The preparatory committee should, within thirty days following the convention of the inaugural general meeting, submit the articles of incorporation of the labour union, the list of its members and the lists of directors and supervisors to the labour bureau to apply for a certificate of registration. The list of members is not publicly available. It is up to the labour union whether it wants to provide the list for the company's reference.
The law only allows one labour union within a company (i.e. the enterprise union).
Membership, directors and supervisors
Any employee can enrol in a company's labour union. However, employees who represent the employer in exercising the right of management (managerial officers) should not join the labour union, except where the union's articles of incorporation prescribe otherwise.
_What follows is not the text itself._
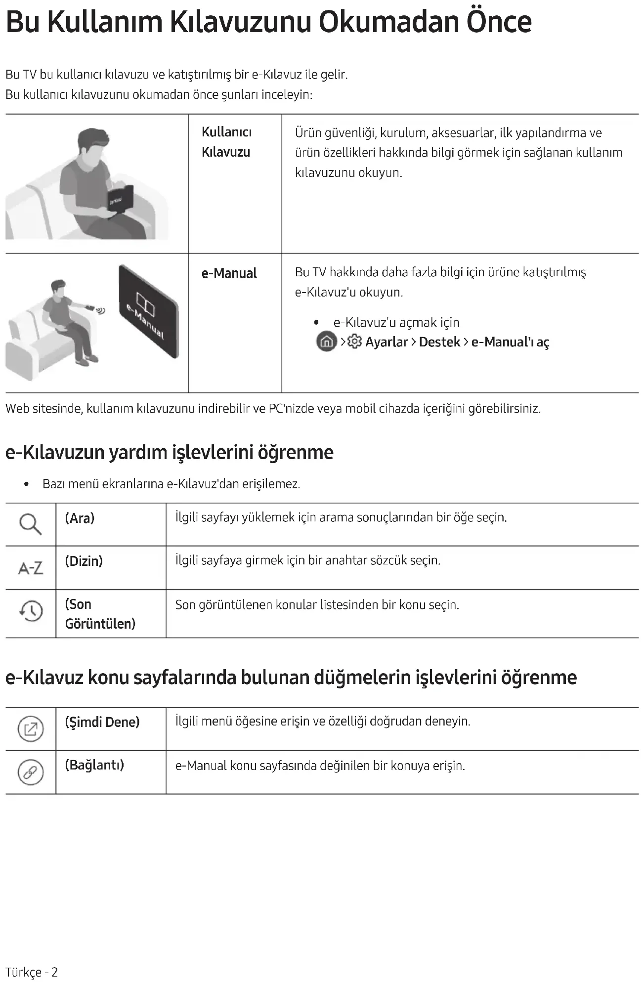 - Bazı menü ekranlarına e-Kılavuz'dan erişilemez. (Ara) İlgili sayfayı yüklemek için arama sonuçlarından bir öğe seçin. (Dizin) İlgili sayfaya girmek için bir anahtar sözcük seçin. (Son Görüntülen) Son görüntülenen konular listesinden bir konu seçin. e-Kılavuz konu sayfalarında bulunan düğmelerin işlevlerini öğrenme (Şimdi Dene) İlgili menü öğesine erişin ve özelliği doğrudan deneyin. (Bağlantı) e-Manual konu sayfasında değinilen bir konuya erişin.Türkçe - 3 Türkçe Uyarı! Önemli Güvenlik Talimatları TV'nizi kullanmadan önce lütfen Güvenlik Talimatlarını okuyun. DİKKAT Sınıf II ürün: Bu sembol, elektrik topraklamasına (toprak) bir güvenlik bağlantısı gerekmediğini gösterir. ELEKTRİK ÇARPMASI RİSKİ. AÇMAYIN. DİKKAT: ELEKTRİK ÇARPMASI RİSKİNİ AZALTMAK

The current law is silent on the definition of a managerial officer, although, in general, an employee who has the responsibility to evaluate other employees' performance may be considered a managerial officer.
If the number of members reaches 100, the union may elect member representatives in accordance with its articles of incorporation.
Organisation structure
The labour union is an organisation incorporated and operated by and for the interest of a group of employees. It is independent of the company. Therefore, unless the company agrees, the labour union cannot use the company's office or facilities (such as telephones, computers and printers) to carry out the union's affairs. However, to build up a harmonious relationship with the labour union, some companies do allow their labour unions to use their offices and facilities, even though they are not required by law to do so.
A labour union has directors and supervisors. If the number of members is 500 or below, it will have five to nine directors. The number of supervisors will not exceed one-third of its directors.
The officers of the labour union should not do anything with or contact the employees regarding the union's matters during office hours. Nevertheless, pursuant to Article 36 of the Labour Union Act, a managing director of a labour union may apply for a half or one day's leave to handle the union's affairs. According to a ruling issued by the Council of Labour Affairs (renamed as the Ministry of Labour in February 2014) dated October 4 1990, a managing director of a labour union cannot take this leave everyday if there are no union affairs to handle.
According to Article 36 of the Labour Union Act, the other officers of the labour union may also apply for a leave of up to 50 hours per month to handle the union's affairs.
Matters to handle
Pursuant to Article 5 of the Labour Union Act, the union has the right to carry out all matters for the purpose of promoting the employment conditions of its members, including but not limited to:
(i) negotiating and executing a collective agreement with the company;
(ii) mediating disputes between its member(s) and the company;
(iii) proposing plans with respect to the implementation or modification of the company's employment related policies; and
(iv) urging the company to improve employment conditions and employee welfare matters.
The acts of the labour union are subject to the requirements under the Labour Union Act as well as to the supervision of the labour affairs authorities. In addition, as the union is a juristic person, it has the same obligation to comply with all other laws and regulations as an individual and a company.
Obtaining union approval
According to the Labour Standards Act (LSA), the company needs to obtain approval from the labour union with respect to the following matters (identified employment conditions):
(i) allocation of the normal working hours within a certain period of time (e.g. two weeks or four weeks);
(ii) employees' overtime work; or
(iii) female employees' work shifts between 10pm and 6am.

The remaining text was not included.